Drop torchair (#4814)

aclgraph is stable and fast now. Let's drop torchair graph mode now. TODO: some logic to adapt torchair should be cleaned up as well. We'll do it in the following PR. - vLLM version: v0.12.0 - vLLM main: ad32e3e19c Signed-off-by: wangxiyuan <wangxiyuan1007@gmail.com> Co-authored-by: Mengqing Cao <cmq0113@163.com>
2025-12-10 09:20:40 +08:00
parent ba9cda9dfd
commit 835b4c8f1d
84 changed files with 77 additions and 16881 deletions
--- a/vllm_ascend/worker/model_runner_v1.py
+++ b/vllm_ascend/worker/model_runner_v1.py
@@ -143,7 +143,6 @@ from vllm_ascend.spec_decode import get_spec_decode_method
 from vllm_ascend.spec_decode.eagle_proposer import EagleProposer
 from vllm_ascend.spec_decode.interface import SpecDcodeType
 from vllm_ascend.spec_decode.mtp_proposer import MtpProposer
-from vllm_ascend.torchair.torchair_mtp_proposer import TorchairMtpProposer
 from vllm_ascend.utils import (ACL_FORMAT_FRACTAL_ND, ACL_FORMAT_FRACTAL_NZ,
                               AscendDeviceType, ProfileExecuteDuration,
                               enable_sp, get_ascend_device_type, is_enable_nz,
@@ -638,7 +637,6 @@ class NPUModelRunner(LoRAModelRunnerMixin, ECConnectorModelRunnerMixin):
        # Set up speculative decoding.
        self.spec_attn_mask = None
        self.drafter: Optional[Union[NgramProposer, EagleProposer, MtpProposer,
-                                     TorchairMtpProposer,
                                     SuffixDecodingProposer]] = None
        self.actual_seq_lengths_q: list[int] = []
        self.decode_token_per_req = 1
@@ -2917,8 +2915,7 @@ class NPUModelRunner(LoRAModelRunnerMixin, ECConnectorModelRunnerMixin):

        return attn_metadata

-    def _generate_dummy_run_hidden_states(self, with_prefill,
-                                          is_torchair_compile, input_ids,
+    def _generate_dummy_run_hidden_states(self, with_prefill, input_ids,
                                          positions, attn_metadata, num_tokens,
                                          intermediate_tensors, inputs_embeds):
        hidden_states = self.model(input_ids=input_ids,
@@ -2960,7 +2957,6 @@ class NPUModelRunner(LoRAModelRunnerMixin, ECConnectorModelRunnerMixin):
        self,
        num_tokens: int,
        with_prefill: bool = False,
-        is_torchair_compile: bool = False,
        aclgraph_runtime_mode: Optional[CUDAGraphMode] = None,
        force_attention: bool = False,
        uniform_decode: bool = False,
@@ -3136,9 +3132,8 @@ class NPUModelRunner(LoRAModelRunnerMixin, ECConnectorModelRunnerMixin):
                    model_instance=self.model,
                    weight_prefetch_method=self.weight_prefetch_method):
                hidden_states = self._generate_dummy_run_hidden_states(
-                    with_prefill, is_torchair_compile, input_ids, positions,
-                    attn_metadata, num_tokens_padded, intermediate_tensors,
-                    inputs_embeds)
+                    with_prefill, input_ids, positions, attn_metadata,
+                    num_tokens_padded, intermediate_tensors, inputs_embeds)
                dummy_compute_logits(hidden_states)

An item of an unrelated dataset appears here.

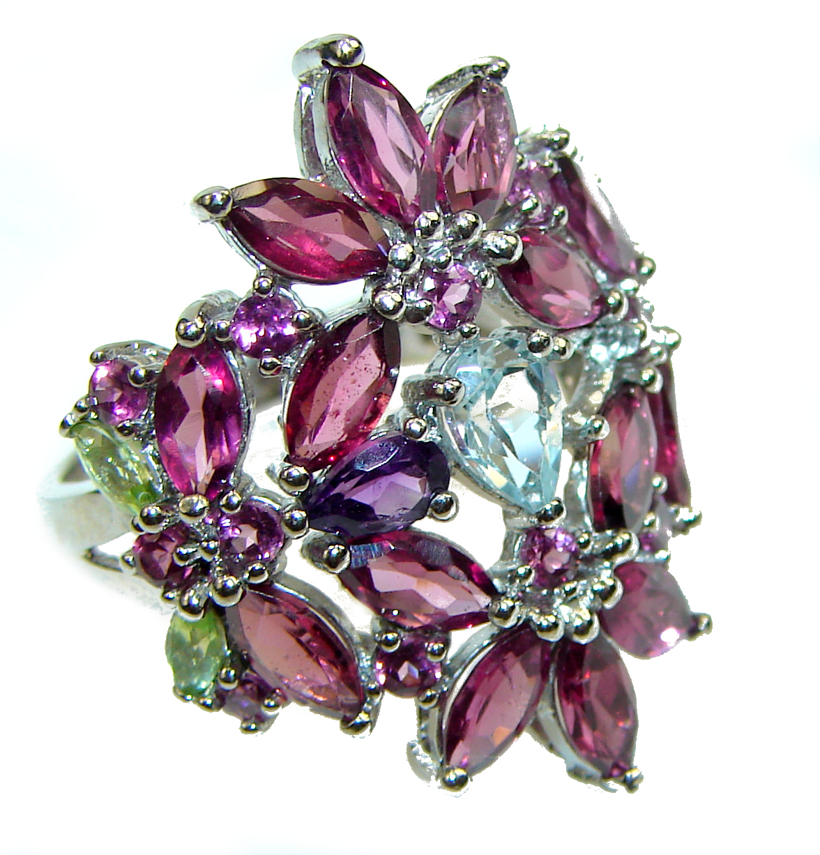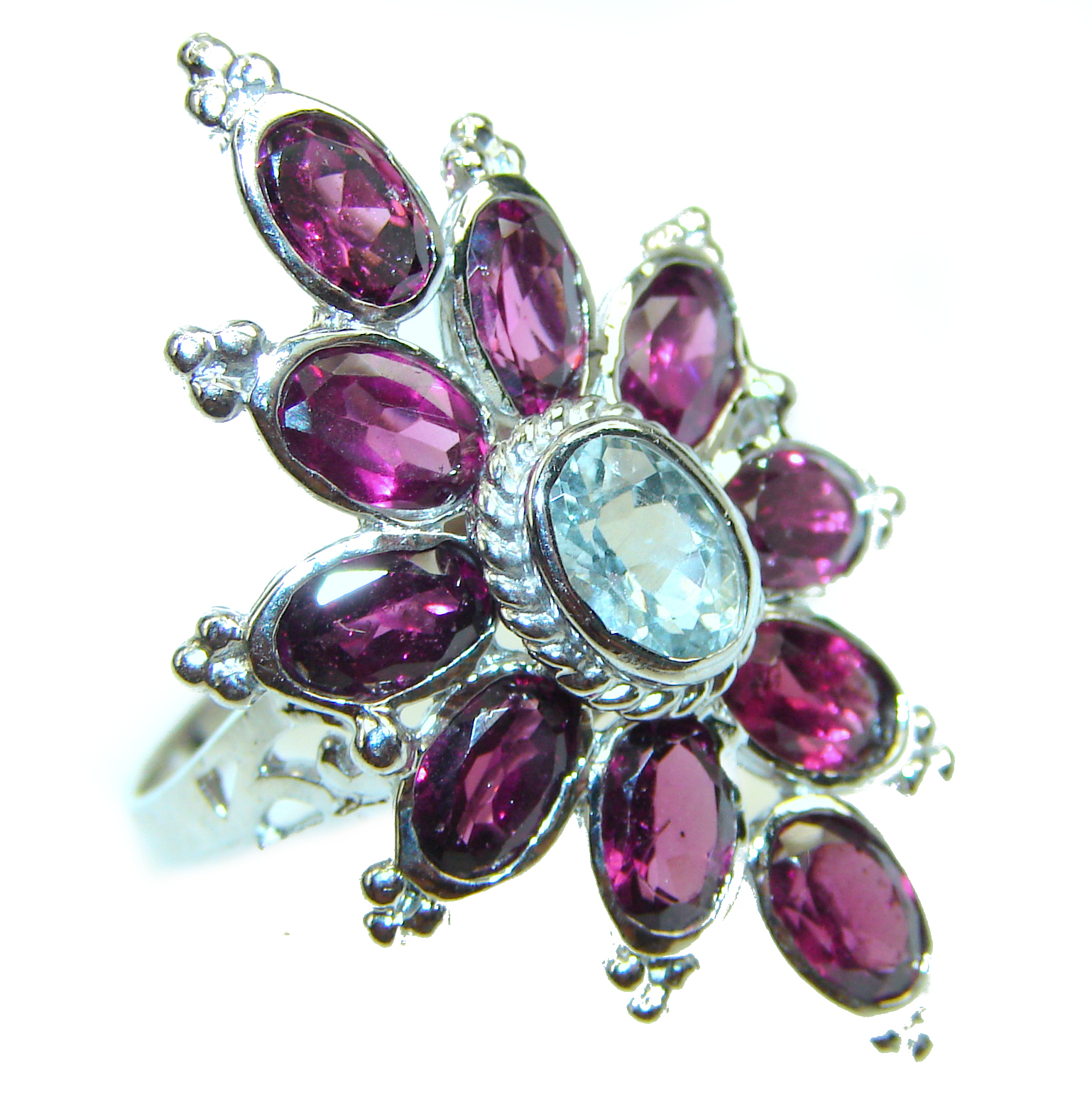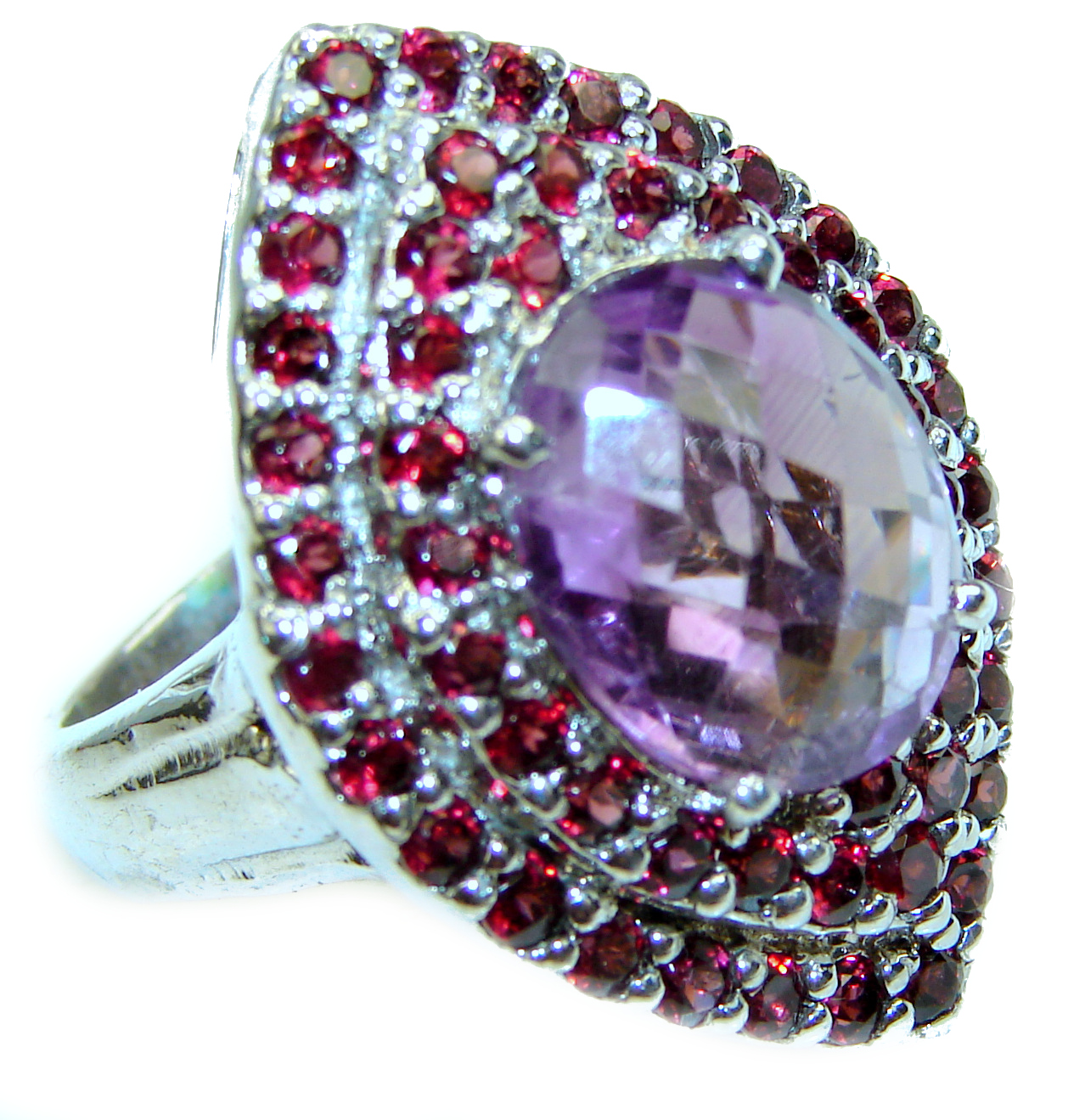 Spectacular genuine Amethyst Garnet .925 Sterling Silver Handcrafted Cocktail Ring size 8

            if self.drafter:
@@ -4262,9 +4257,6 @@ class NPUModelRunner(LoRAModelRunnerMixin, ECConnectorModelRunnerMixin):

        return list(model.pooler.get_supported_tasks())

-    def _build_drafter_prepare_inputs_torchair_param(self):
-        return False
-
    def _update_tokens_for_pcp(self, tokens):
        num_reqs = self.input_batch.num_reqs
        self.num_pcp_pads = self.num_pcp_pads[:num_reqs]